I'm profoundly unimpressed with the integrity or judgment of a bunch of judges (the FJA) who chose to insert the following blatantly unconstitutional objection in their letter: "We appreciate and commend those, including Chief Justice Roberts, who have commented recently on the rise in criticism [ ] aimed at members of the judiciary."

Such so-called public servants would do well to remember that copious controlling SCOTUS precedent specifically protects attorneys and their speech criticizing judges. Chief Justice Roberts, writing for SCOTUS in Snyder v. Phelps, re-emphasized that “speech on public issues occupies the highest rung of the hierarchy of First Amendment values, and is entitled to special protection.” Coincidentally, SCOTUS in Snyder was quoting Connick v. Myers from 1983, which protected the freedom of speech of attorneys, even those who are actually employed by the government. In Snyder, SCOTUS also elaborated on when “[s]peech deals with matters of public concern.”

In Snyder, SCOTUS reiterated a principle from a 1964 unanimous SCOTUS decision (Garrison v. Louisiana), also protecting the freedom of speech of attorneys, even those who are actually employed by the government (Garrison, a government attorney, publicly criticized 8 judges, including by questioning their integrity). Americans' “speech concerning public affairs” is “the essence of self-government,” and it “should be uninhibited, robust, and wide-open,” and it may “include vehement, caustic,” and “unpleasantly sharp attacks on government and public officials.”

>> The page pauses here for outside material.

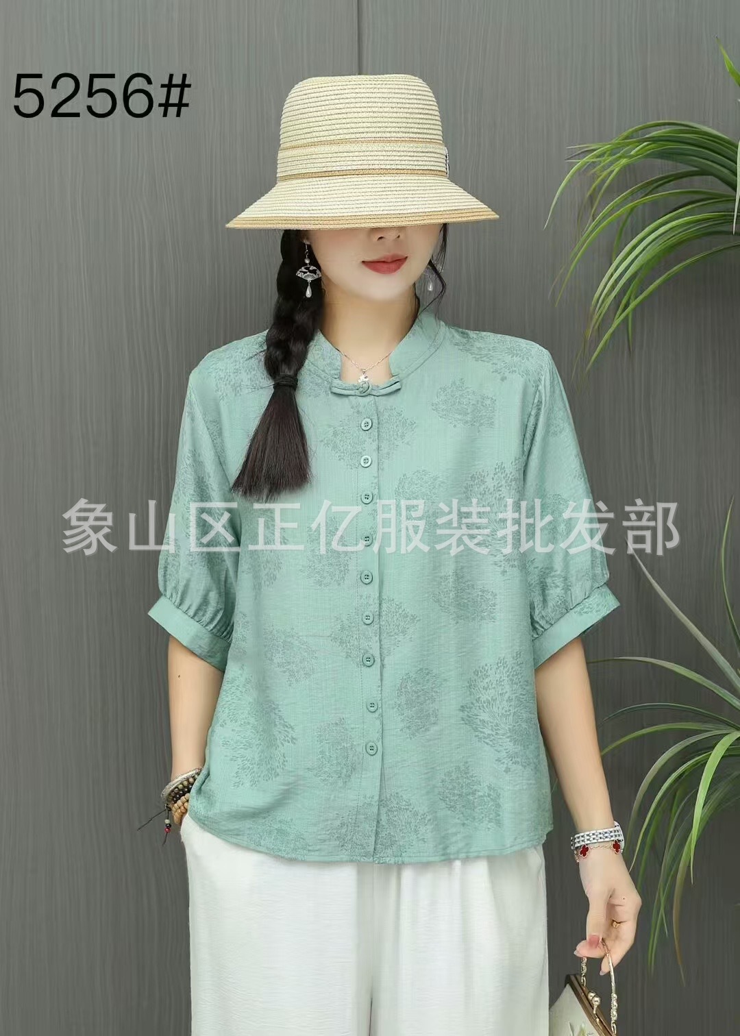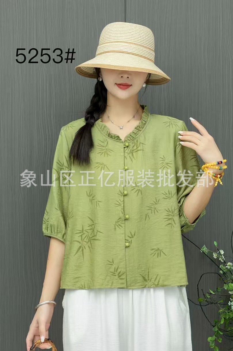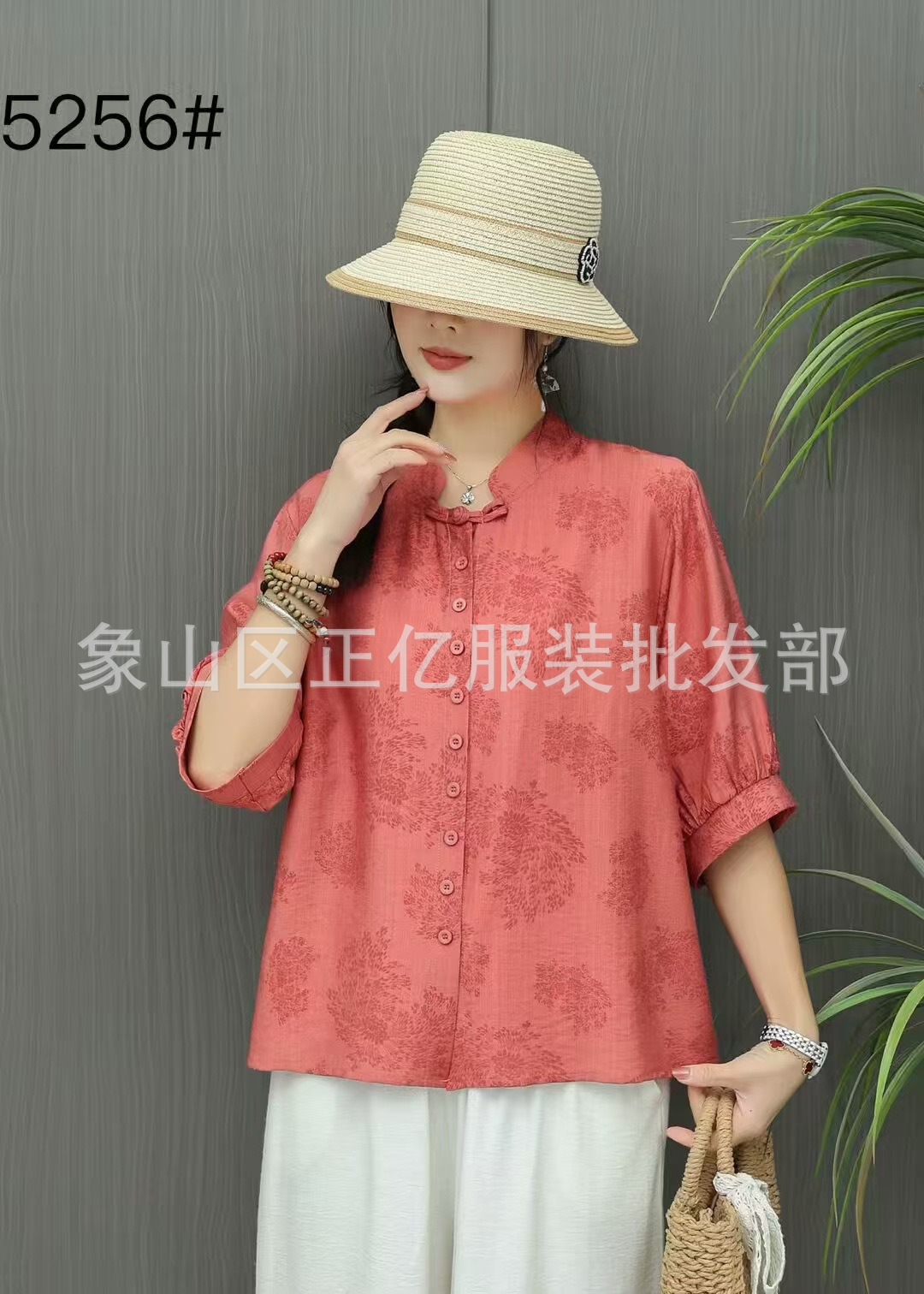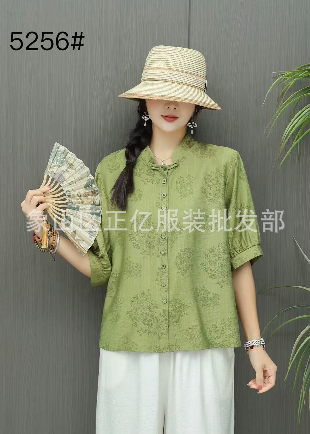 여성을위한 새로운 중국 스타일 국가 스타일 셔츠 여름 착용 2025 새로운 텐셀 코튼 자카드 느슨한 캐주얼 문학 민족 스타일 탑

Garrison publicly implied that one or more judges were criminally corrupt. Even so, a unanimous SCOTUS in Garrison emphasized that the “public interest in a free flow of information to the people concerning public officials, their servants” is “paramount,” so “anything which” even “might touch on an official’s fitness for office is relevant” and protected, including judges’ “dishonesty, malfeasance, or improper motivation.”

Mere months before Garrison, a unanimous SCOTUS (quoting James Madison) in New York Times Co. v. Sullivan, emphasized that our “Constitution created a [republican] form of government under which ‘The people, not the government, possess the absolute sovereignty.’ [Our Constitution] dispersed power” in many ways precisely because “of the people’s” extreme “distrust” of people with “power” at “all levels.” In our “Republican Government,” the “censorial power is” necessarily generally “in the people over the Government, and not in the Government over the people.”

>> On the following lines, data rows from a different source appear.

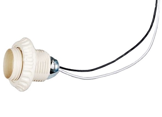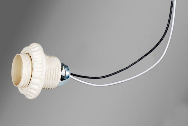 Электропатрон Е-27 резьбовой с кольцом на шнуре (белый) обладает негорючим пластиковым корпусом с внешней резьбой для прижимного кольца, прижимным кольцом для фиксации плафона, внутренней резьбовой под цоколь лампы, латунными токопроводящими контактами и двумя проводниками длинной двадцать пять сантиметров. Верхняя часть изделия оснащена дугообразной пластиной с ниппельным резьбовым отверстием диаметром десять миллиметров для крепления. Патрон для люстры с проводами служит для фиксации и подключения ламп накаливания, энергосберегающих и светодиодных ламп к электрической сети, а также применяется для замены поврежденных или вышедших из строя патронов в люстрах, абажурах и других светильниках.
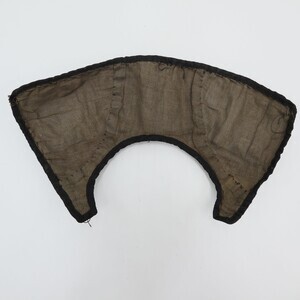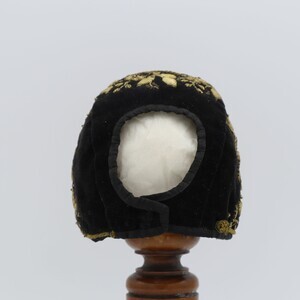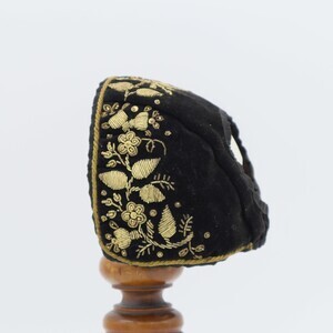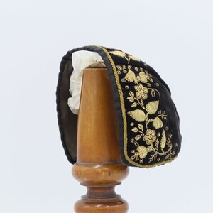 Diese winzige Kopfbedeckung ist aus schwarz- bis dunkelbraunem Samt gefertigt und mit goldenem Bouillon und Pailetten festlich in einem floralen Muster bestickt. Das Häubchen ist mit grobem Leinen in grau-braun gefüttert und besteht aus 3 Teilen die eine simple runde Form ergeben. Hinten befindet sich eine Aussparung unter der sich die beiden Seitenteile überlappen. Der Rand ist mit einem schlichten scharzen Band eingefasst, an der vorderen und unteren Kante wurde daneben eine dekorative goldene Kordel dazugefügt. Es handelt sich um eine sogenannte Ohreisenmütze/Haarflechtmütze (auf Platt "Urisenmötsch") der unteren Moselregion die ausschließlich von unverheirateten Frauen getragen wurde. Sie wird am Hinterkopf getragen, die geflochtenen Haare werden durch die Öffnung gezogen und als Knoten um den sogenannten "Tugendpfeil" (Trier auch als "Spieß" bekannt) aufgesteckt. Die Trageweise ist hier dargestellt: https://rlp.museum-digital.de/index.php?t=objekt&oges=114 Den Fotos ist ein Schnittmuster zugefügt.
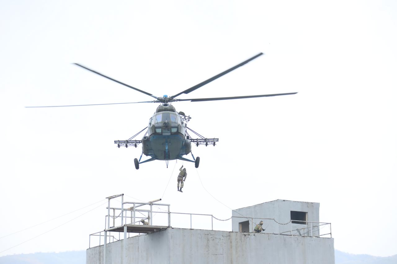 На основе принятого решения тактический воздушный десант в составе группы наших военнослужащих спустившись с вертолета Ми-8 по канату огнем поддержал действия трех штурмовых групп. Штурмовые группы уничтожили террористов, находящихся внутри здания и освободили заложников. На следующем этапе военнослужащие приступили к преследованию отступающих незаконных вооруженных формирований.
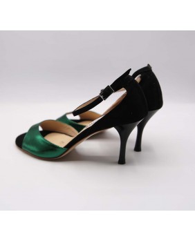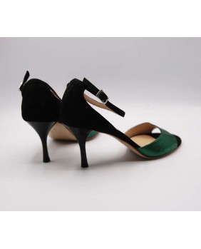 Le modèle "Penny" est ici décliné en daim noir uni et en cuir imprimé vert émeraude brillant. C'est une forme à cage fermée haute avec une bride simple cheville haute elle aussi et une belle découpe cintrée sur les côtés. Ce modèle reste très classique et élégant avec son talon noir brillant. On peut lui donner plus de peps en utilisant d'autres matériaux. Il est fabricable en talon 5 cm, 7 cm, 8 cm et 9 cm.
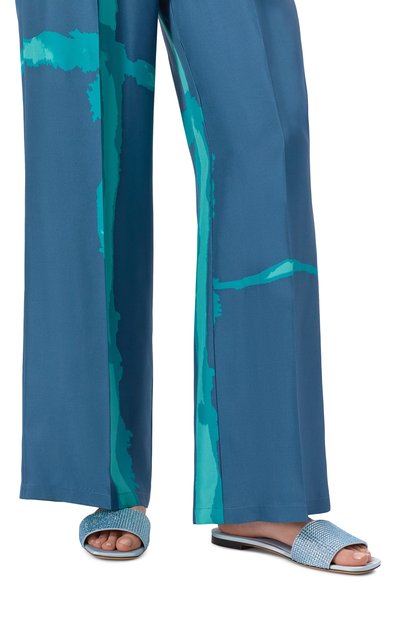 Шлепанцы BV Lido – вариация узнаваемых сабо с удлиненным квадратным мысом и союзкой, сплетенной в фирменной технике intrecciato из широких кожаных лент. Для изготовления модели из осенне-зимней коллекции Дэниел Ли выбрал мягкую наппу бледно-голубого оттенка (дизайнер назвал его Ice). Тонкую подошву дополнили фактурными вставками, чтобы ноги меньше скользили на гладком полу.

All “public men” are essentially “public property,” so our “discussion" of any official's official conduct "cannot be denied and the right” and “duty” of “criticism must not be stifled.” "Those who won our independence believed" that "public discussion is a political duty; and that this should be a fundamental principle of the American government." "It is as much" the "duty" of "the citizen-critic of government" to "criticize as it is the official’s duty to administer."

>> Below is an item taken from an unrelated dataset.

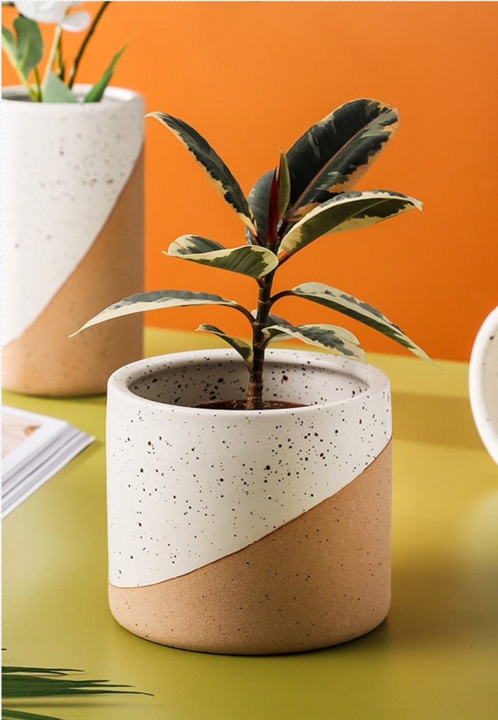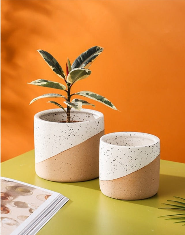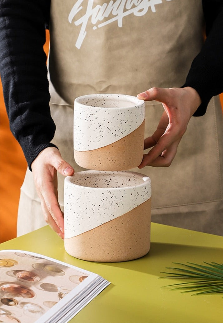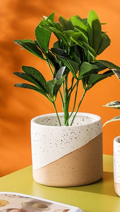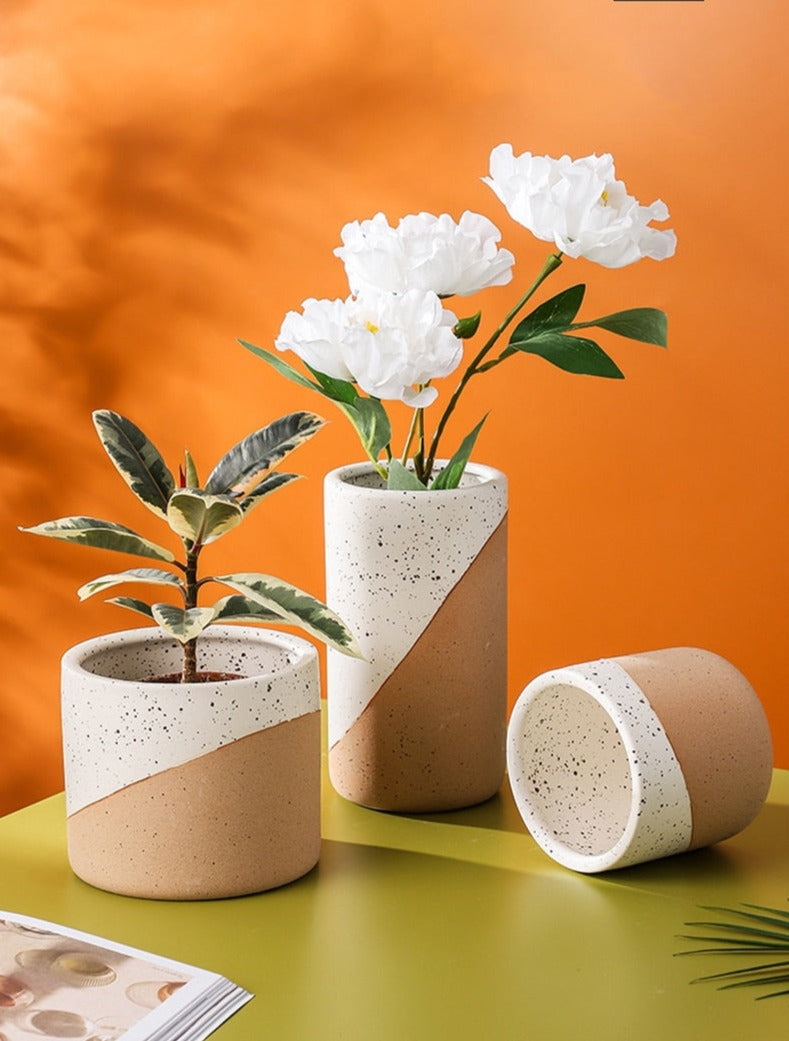 Offer your houseplants a welcoming sanctuary with our lovely ceramic planter. Artistically sculpted and beautifully crafted, this elegant planter is the ideal combination of grace and sophistication. It’s sure to add an artisanal touch to any space. With a terracotta and painted linen finish, you can use this planter alone or group a few sizes together for a stylish look that enhances a home or office. This ceramic planter has a textured surface, with terracotta on the lower portion and speckled black and white paint on the upper. Whether you love the farmhouse look or prefer Scandinavian-style simplicity, our Sanctuary Linen Ceramic Planter offers the best of both worlds. This planter is the perfect accent to brighten up a bathroom, add life to a kitchen window sill or bring greenery to a living room, nursery, dining room or office. Our stylish planter offers endless decorating possibilities. Available in three sizes, it’s the right choice for showcasing real or faux florals.

So all courts must protect all Americans’ “privilege for criticism of official conduct.” All courts must “support” the “privilege for the citizen-critic of government.” Such “privilege is required by the First and Fourteenth Amendments.” In fact, "freedom of expression upon public questions is secured [as a] constitutional safeguard to assure unfettered interchange of ideas [to bring about] political and social changes desired by the people. [ F]ree political discussion [so] that government may be responsive to the will of the people and that changes may be obtained by lawful means[ is] essential to the security of the Republic [and] is a fundamental principle of our constitutional system."